“小心!”墨影厉喝一声,长刀瞬间出鞘,舞成一片密不透风的寒光!
“铛!铛铛!”金铁交鸣声刺耳!几支弩矢被刀光磕飞!
但袭击者显然不止一处!几乎同时,秦沐歌身后也传来利刃破风之声!两名黑衣蒙面的刺客如同鬼魅般从灌木丛中扑出,手中淬毒的短匕闪着幽蓝的光,狠辣地刺向她的后心!
千钧一发!
秦沐歌在弩矢破空声响起时便已警觉,猛地将明明往身侧一块巨石后一推:“趴下别动!”同时身体借势旋身,腰间软剑如同灵蛇出洞,精准无比地格开刺向要害的一柄毒匕!
“嗤啦!”另一柄匕首擦着她的手臂划过,带起一串血珠!夜行衣的布料被轻易撕裂,火辣辣的痛感传来!
“娘亲!”明明惊恐的尖叫响起!
“找死!”墨影目眦欲裂,挡开最后一支弩矢,身形如电般折返,长刀带着雷霆之势,狠狠劈向攻击秦沐歌的刺客!
那刺客见墨影来势凶猛,不敢硬接,诡异地扭身避开刀锋,另一只手却猛地一扬!
“噗!”一大蓬灰白色的粉末兜头盖脸向秦沐歌和墨影罩来!刺鼻的腥味瞬间弥漫!
“闭气!是迷瘴粉!”墨影急喝,同时屏住呼吸,刀势不减,追斩刺客!
秦沐歌反应极快,在粉末扬起的瞬间已屏息闭目,同时反手从袖中摸出一个小瓷瓶,拇指弹开瓶塞,将里面刺鼻的液体猛地洒向空中!
“嗤——”一股浓烈的、带着辛辣薄荷与硫磺混合的刺鼻气味瞬间爆开,与那灰白粉末接触,发出滋滋的声响,竟将大部分粉末中和、驱散!

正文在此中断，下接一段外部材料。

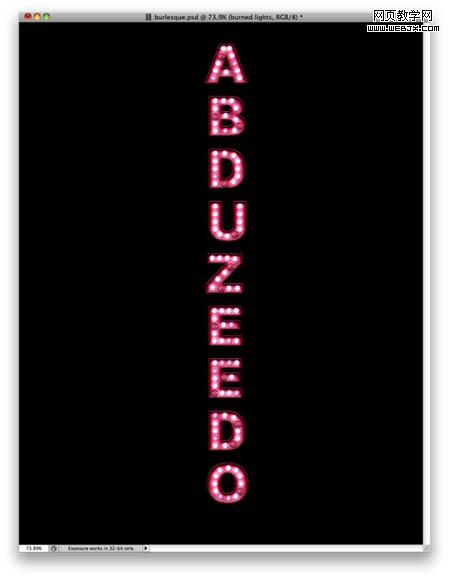 11、每個字母里都有壞掉的燈泡,我們按照下圖位置復制粘貼這些壞掉的燈泡(光點),然后把它們合并為一個層。 |
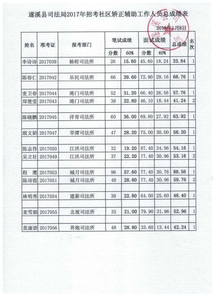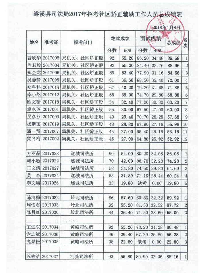 遂溪县司法局2017年招考社区矫正辅助工作人员总成绩公布
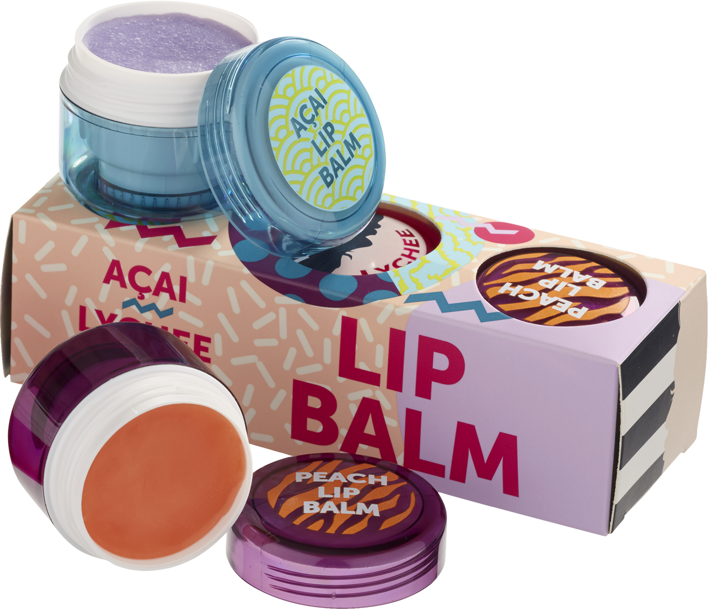 Набір бальзамів для губ: LYCHEE & PEACH & GRAPE
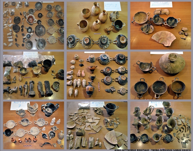 Ακολούθως μεταφέρθηκαν στο Τμήμα Ασφαλείας Λαμίας και καταμετρήθηκαν, ενώ σύμφωνα με την αρχική εκτίμηση αρχαιολόγων της Εφορίας Αρχαιοτήτων Φθιώτιδας – Ευρυτανίας, χρονολογούνται κυρίως στον 5ο π.Χ. αιώνα.
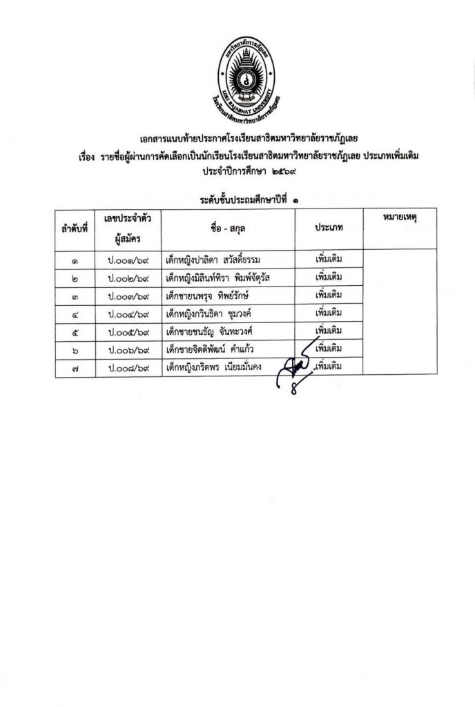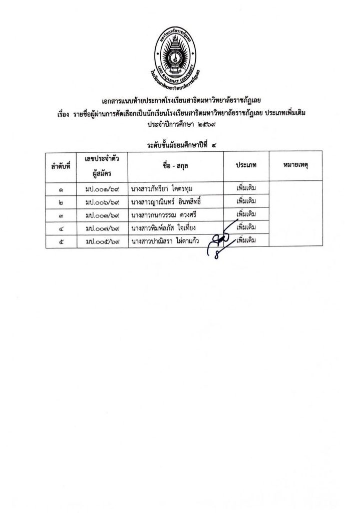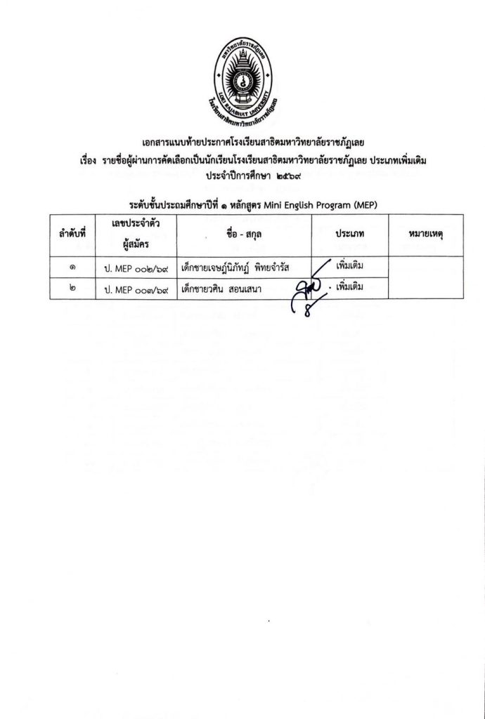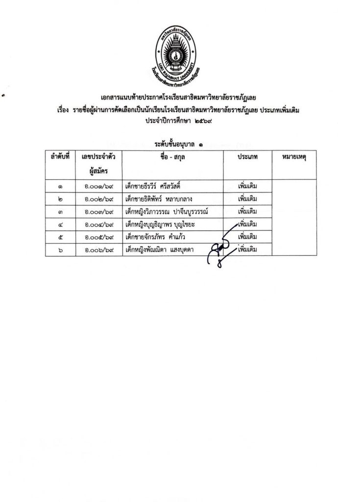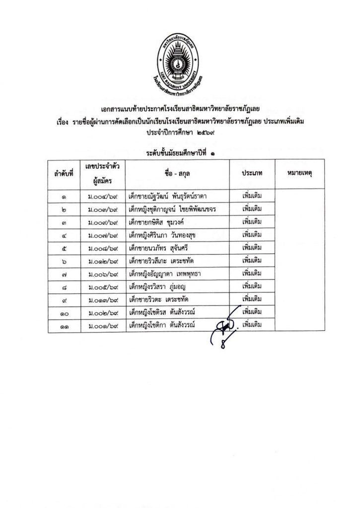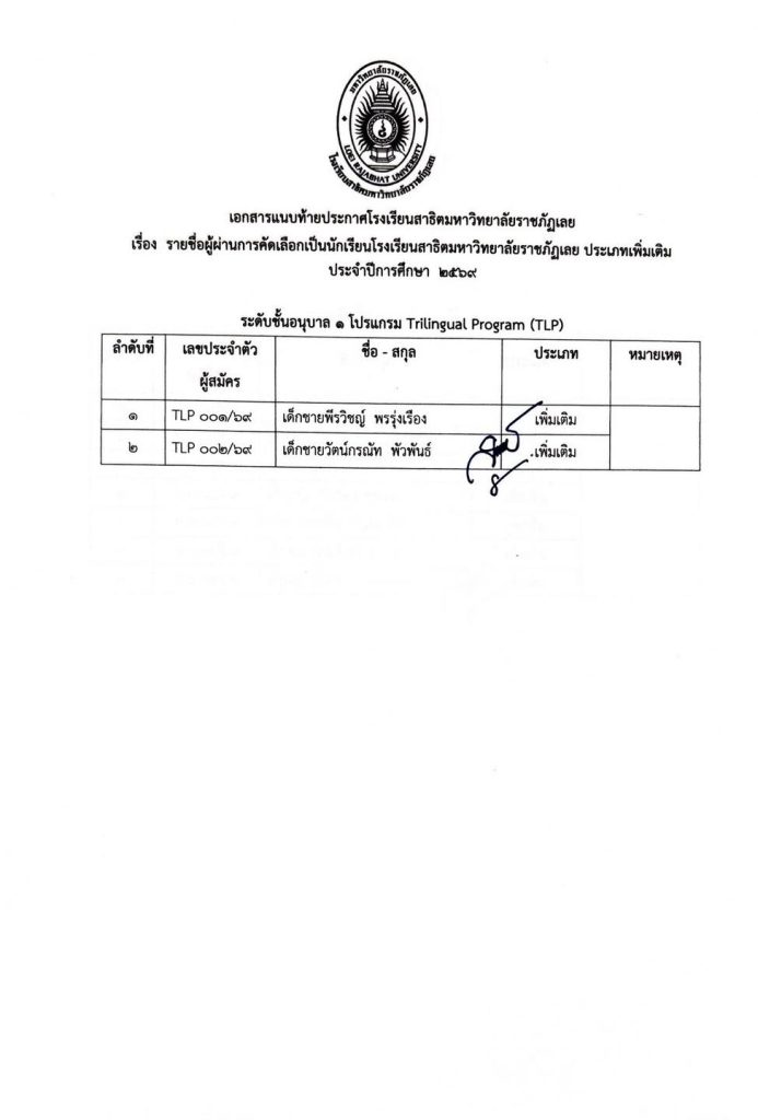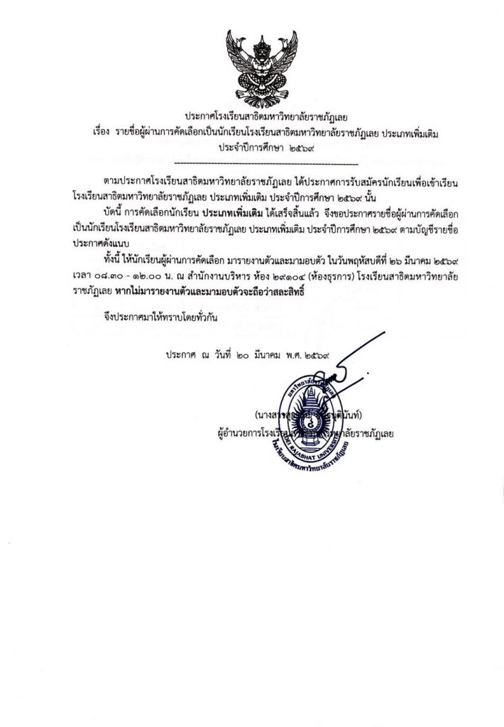 ไม่มีหมวดหมู่ ประกาศรายชื่อผู้ผ่านการคัดเลือกเป็นนักเรียนโรงเรียนสาธิตมหาวิทยาลัยราชภัฏเลย ประเภทเพิ่มเติม การรายงานตัวและการมอบตัว ประจำปีการศึกษา 2569 20/03/2026 teerayut thairat
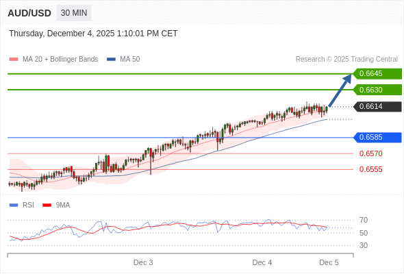 在 0.6585 之上,看涨,目标价位为 0.6630 ,然后为 0.6645 。
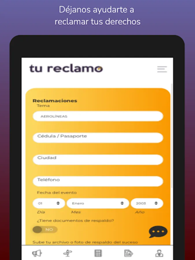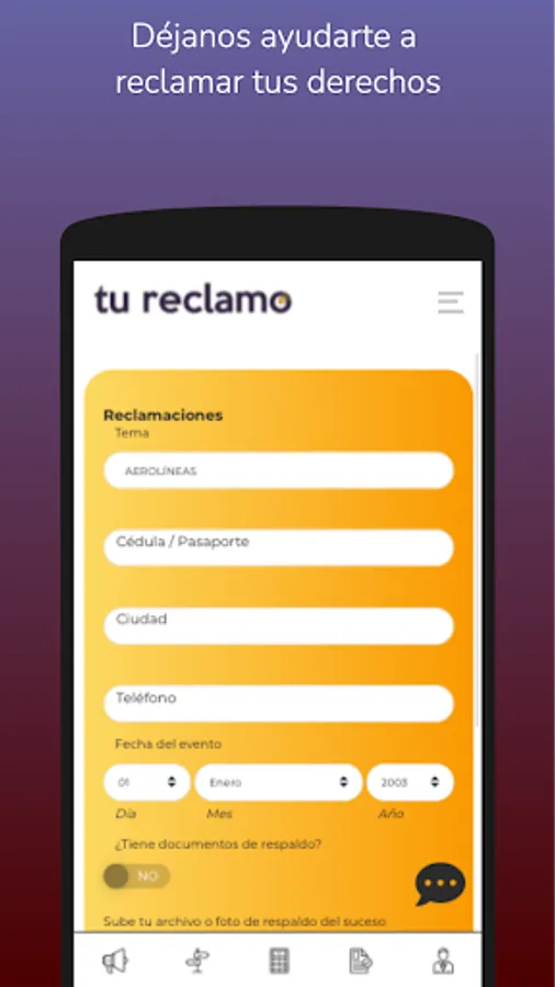 Regístrate y cuéntanos ¿cuál es Tu Reclamo?
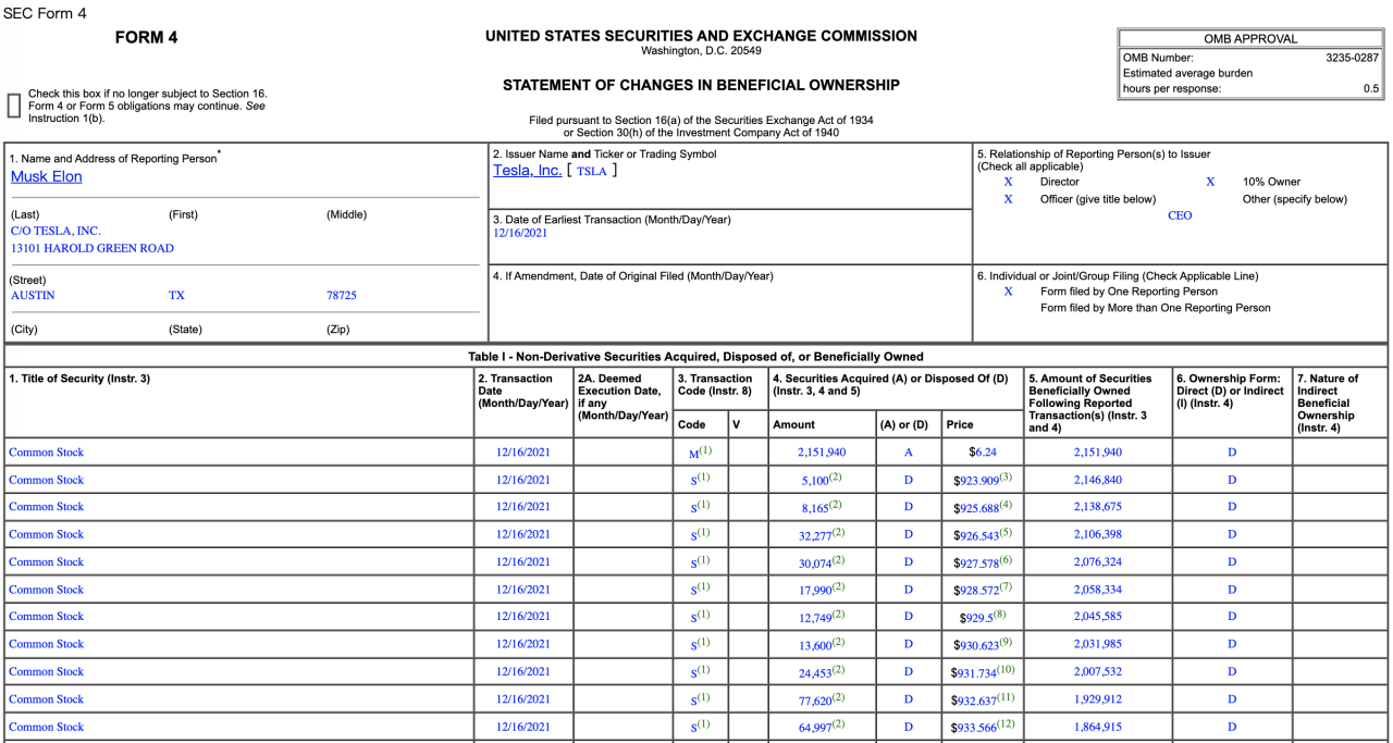 据美国证交会文件显示,马斯克于12月16日以6.24美元的价格行使了2151940份期权,并以923美元至994美元的价格出售了934091股股票特斯拉股票,价值约8.84亿美元。此次股票出售,仍是旨在满足行使期权的预扣税义务。
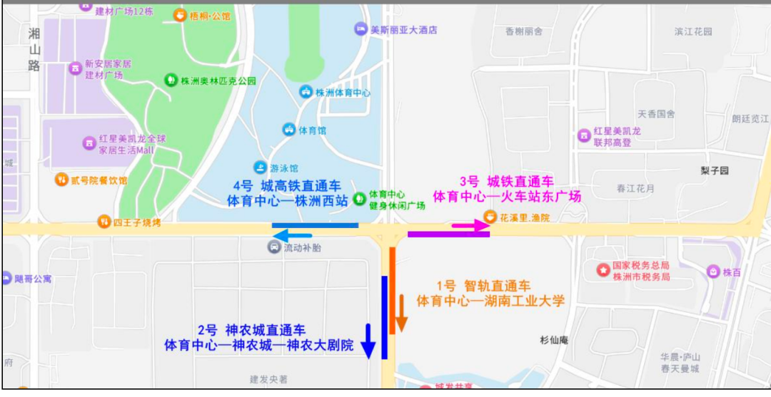 除了免费接驳车辆外,还有4条常规公交线路途经株洲市体育中心,供球迷朋友们选择:
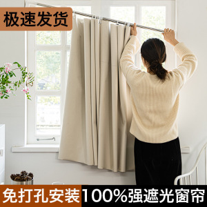 防晒窗帘卧室遮光布飘窗出租屋伸缩杆免打孔安装阳台遮挡帘子批发
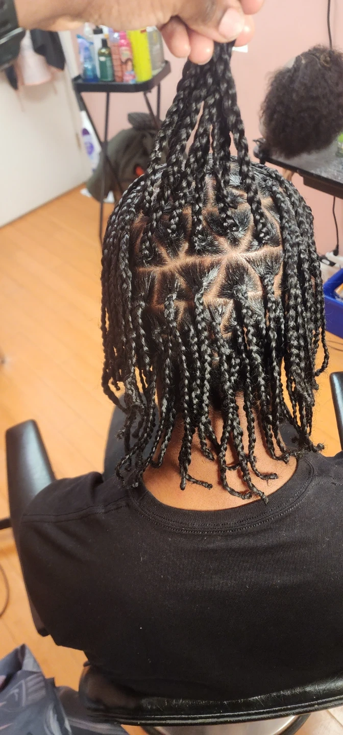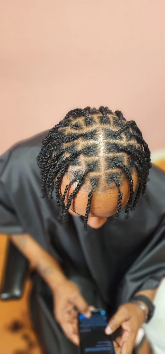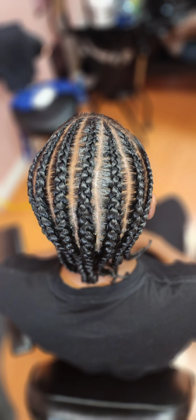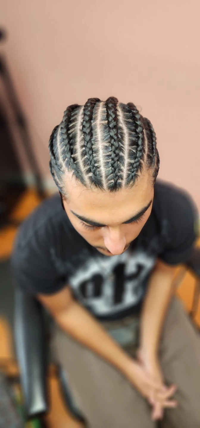 Freshly styled cornrows.This braiding service provides a neat and stylish look. Great for maintaining a sharp appearance for weeks!

这是她根据《毒经》记载,随身携带的简易避瘴药水!没想到在此刻派上了用场!
两名刺客显然没料到秦沐歌还有这一手,动作微滞。墨影抓住这瞬息之机,刀光如匹练般卷过!
“啊!”一名刺客惨叫着,持匕的手臂齐肩而断!
另一名刺客见势不妙,虚晃一招,抽身急退,同时吹响了一声尖锐的哨音!
“啾——!”
尖锐的哨音在山林间回荡,如同死神的召唤!
“他们在召唤同伙!走!”墨影一脚将断臂刺客踹飞,拉起秦沐歌,又一把抱起躲在石头后瑟瑟发抖的明明,毫不犹豫地放弃原路,朝着哨音相反方向的密林深处冲去!
身后,隐约传来更多衣袂破风和呼喝之声!追兵已至!
* * *
大庆皇宫,紫宸殿。
时间仿佛被寒髓丹的冰魄之力一同冻结了。殿内落针可闻,所有人的目光都死死盯着龙床上那层覆盖着帝王身躯的薄薄冰霜。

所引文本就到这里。